The coup attempt failed and Tanai fled to Pakistan in March 1990. When I reached Kabul within a few weeks to hold charge of the Indian mission, I saw a regime that was losing steam. Kabul city was under siege and the mujahideen were pounding the valley with rockets from the surrounding hilltops. A daily curfew from 6pm was enforced, lest the mujahideen cadres and ISI agents infiltrated the city under cover of darkness.
One day Najib’s office summoned me for a sensitive message. It was an SOS that Najib had run out of money to pay the salaries of the militia under Rashid Dostum, who were threatening to mutiny. (Najib never allowed the unruly, violent Uzbek militia to enter the city.)

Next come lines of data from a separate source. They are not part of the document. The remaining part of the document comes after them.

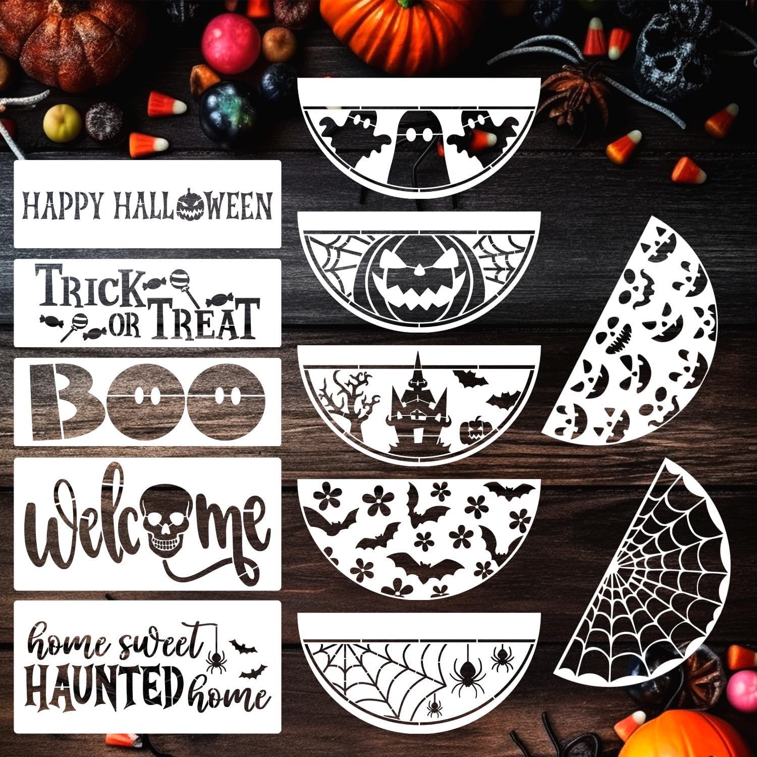 - 12” Halloween Stencils:The Halloween stencil for wood set is a great way to add scary accents to your home decor.Combine the patterned stencil with the Halloween quotes stencil to decorate round wood wreath.Great for indoor use and displayed on a covered front door or porch.
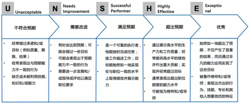 §超出预期(Exceeds Expectations),是指职员的绩效始终达到并经常超过所有目标和期望,产生超过预期的结果,同时表现出在能力期望之外的行为,取得组织认可的贡献。
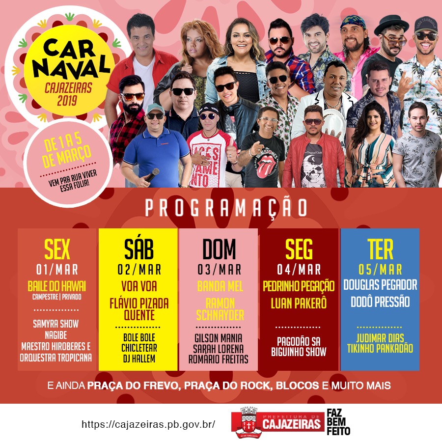 A Prefeitura Municipal de Cajazeiras anunciou na tarde desta sexta-feira(08) na sede da Secretaria de Cultura e Turismo, a programação do Carnaval 2019 em Cajazeiras. Entre as atrações, destaca-se a Banda Mel, além de músicos da região. O Carnaval 2019 em Cajazeiras terá, ainda, desfiles dos tradicionais blocos da cidade, Praças do Frevo, do Rock, do Beco e Festival de Marchinha.

Simply put, any scenario today should factor in that the US and its allies, while preoccupied with their post-pandemic recovery, will also be called upon to bankroll the Afghan economy and state. This is the third point.

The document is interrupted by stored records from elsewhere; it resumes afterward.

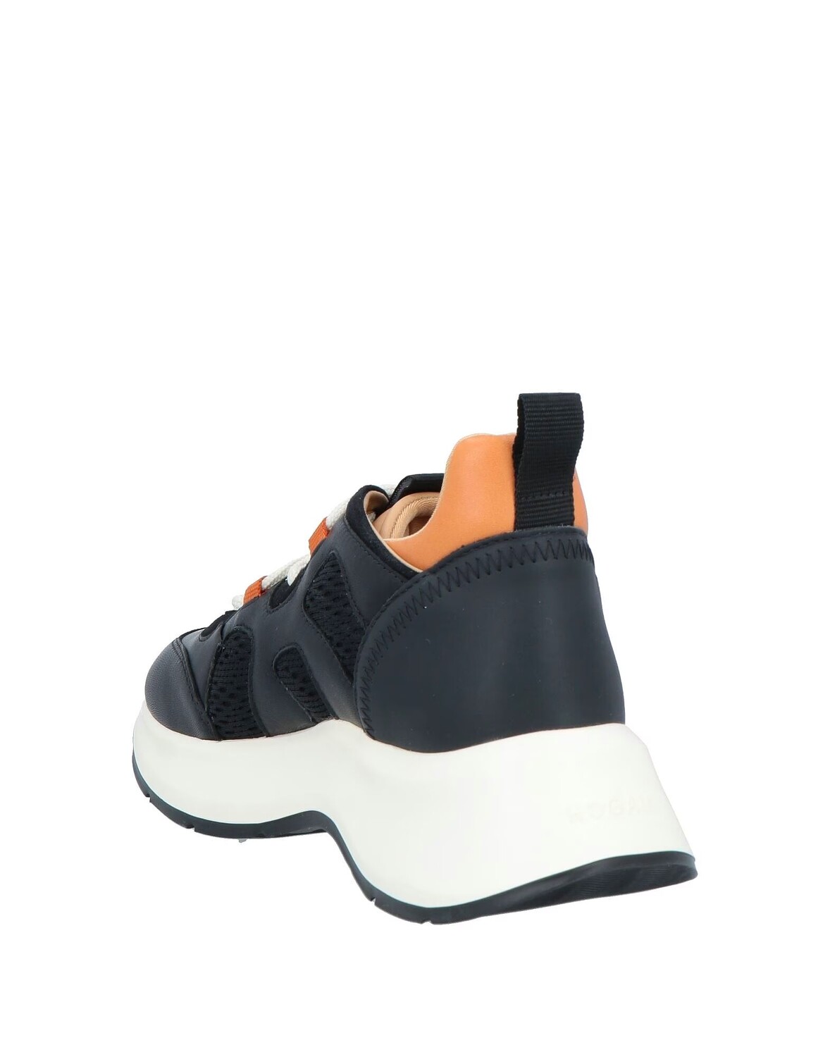 Кожа, техническая ткань, эффект замши, логотип бренда, разноцветный рисунок, кожаная подкладка, шнуровка, скругленный носок, без каблука, резиновая подошва с тиснением, содержит нетекстильные части животного происхождения, массивные кроссовки
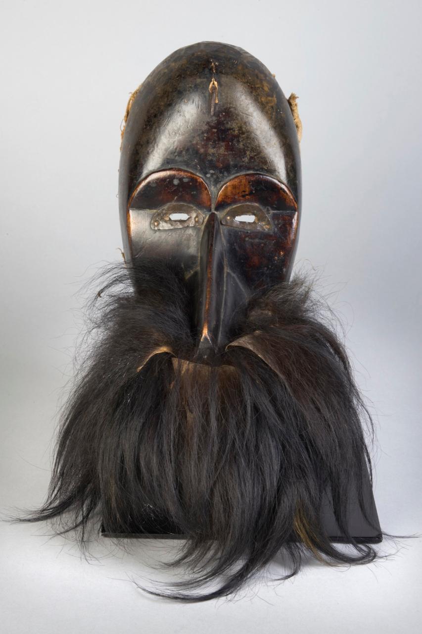 MASCHERA ZOOMORFA GEGON - Maschera di superficie scura, dal volto ovale, ampia fronte bombata e occhi a fessura; al lungo becco sporgente cui è agganciato del pelo di scimmia.
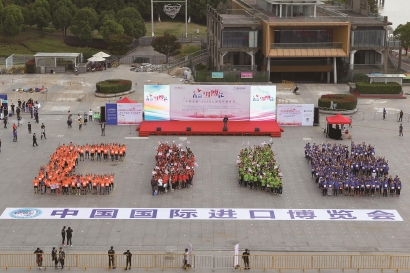 10月21日,“青春进博‘汇’”——太保安联2018上海青年风尚节在世博庆典广场启动。近千名参与者用不同颜色的服装,共同拼成“CIIE”字样,为“进博”出发、为“进博”喝彩。

Finally, by 1990, once the Soviet forces withdrew, Dostum began searching for a Faustian deal with the mujahideen. In fact, Dostum, whom Riedel remembers warmly, has been a rank opportunist. He collaborated with the ISI to facilitate the Taliban victory over Ismail Khan and the conquest of Herat in 1995.
At least on one occasion, I know for a fact that Dostum was talking simultaneously with India and the ISI. Dostum himself admitted in a conversation in Sheberghan once that then-Pakistani interior minister Major-General Naseerullah Babar had been to see him in his citadel just the previous week accompanied by the late Taliban supremo Mullah Mohammad Rabbani.

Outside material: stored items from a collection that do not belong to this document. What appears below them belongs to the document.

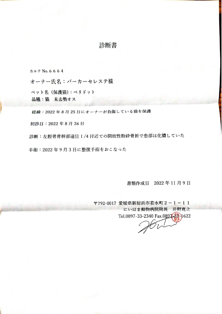 しかし、私はこの子猫を見捨てることはできませんでしたので、自己負担と、友人からの寄付で手術を行うことに決めました。
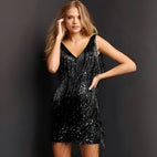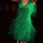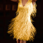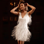 Seien Sie im Rampenlicht mit unserem Cocktailkleid mit Fransen und Federn, elegant und reizvoll bis ins kleinste Detail.
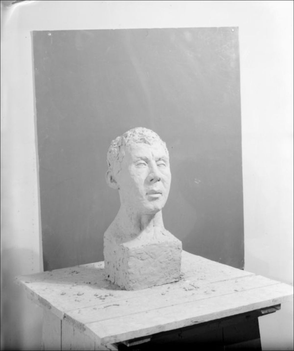 - Il s'agit de bustes réalisés en terre glaise et modelés par les étudiants de madame Nolin, professeure à l'École des Beaux-Arts de Montréal située sur la rue Saint-Urbain à Montréal. Les oeuvres sont présentées à l'École Polytechnique de la rue Saint-Denis à Montréal. Les scènes ont été photographiées pour le Service de l'École des Beaux-Arts du ministère du Secrétariat provincial
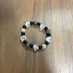 ブレスレット ハンドメイド ビーズ 黒 マーブル
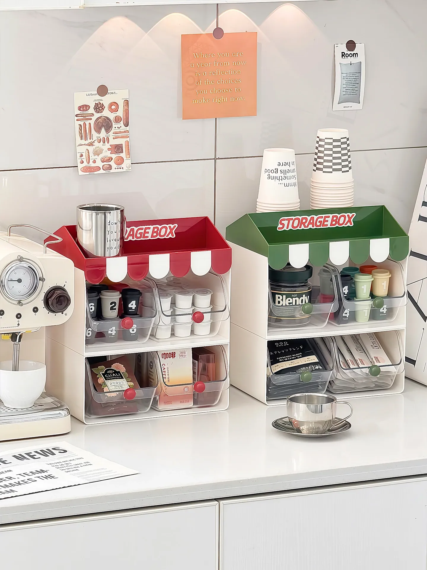 おしゃれな多層ティーバッグ収納ボックス - コーヒーや茶葉を整理整頓!オフィスや水分補給エリアに最適なデスク上のスナックオーガナイザー。シンプルで機能的なデザインで、毎日のリフレッシュタイムをもっと楽しく!
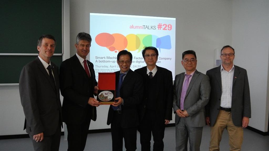4月27日下午,代表团访问了奥地利格拉茨技术大学,会见了该校校长Kainz Harald教授、以及主管科研的副校长Bischof Horst教授等专家学者,出席了该校专门为代表团组织的学术论坛,代表团听取了该校教授们围绕先进材料、生物技术、太阳能电池、人造皮肤、金属有机陶瓷技术、大数据与人工智能、光纤传感材料、3D电子显微技术等研究领域的汇报,并与他们进行了交流和讨论,双方认为,可在双方共同感兴趣的优势研究领域首先开展合作研究,双方同意在学校层面探讨建立校际合作关系,推动双方开展深度的科研与人才培养的合作。

(Dostum recounted jovially how Babar treated the mullah with contempt, tapping him with the baton he was carrying.)
The former director-general of the ISI, retired Lieutenant-General Asad Durrani, wrote recently, “There is a fable about the frogs. They could not come out of the jar because anyone who tried would be pulled back by the rest. No idea how it ended: the pot broke, or the frogs died of exhaustion!
“Afghanistan is not breaking apart, but the US is still lucky. None of its adversaries want it to be buried in the proverbial graveyard. Only its friends keep tugging at its legs to keep it in.”
True, it can be very exasperating. The Afghans never let go of their benefactors. Hundreds of millions of dollars went down the drain to support the Northern Alliance. Did the foreign patrons achieve anything? They couldn’t even save Massoud.
But for that hugely foolish enterprise, the attacks of September 11, 2001, the Islamic Emirate would be still ruling Afghanistan. The Northern Alliance was gasping for breath by the autumn of 2001. There is no knowing where all that money went. Wild rumors were in circulation in the Central Asian bazaars. The Northern Alliance warlords are millionaires today with assets and bank accounts abroad. How that happened no one wants to tell.
To pursue General Durrani’s metaphor further, do imagine a jar containing Dostum, Mohammed Atta, Ismail Khan, Karim Khalili, Mohammed Mohaqiq, Ghani, Amrullah Saleh, Hamdullah Mohib, Abdullah Abdullah, Hamid Karzai, Gulbuddin Hekmatyar, Rasul Sayyaf – and US President Joe Biden. How long will that jar hold?
The most insightful thought in Riedel’s analysis is actually his acknowledgment that “Pakistan does not control the Taliban and it will suffer negative as well as positive consequences from their improved position. The Afghan Taliban will become more independent.”
If so, what is the need of paranoia? The door is opening wide to engage with the Taliban based on mutual respect, mutual trust and mutual interests.
Give diplomacy a chance.
M K Bhadrakumar is a former Indian diplomat.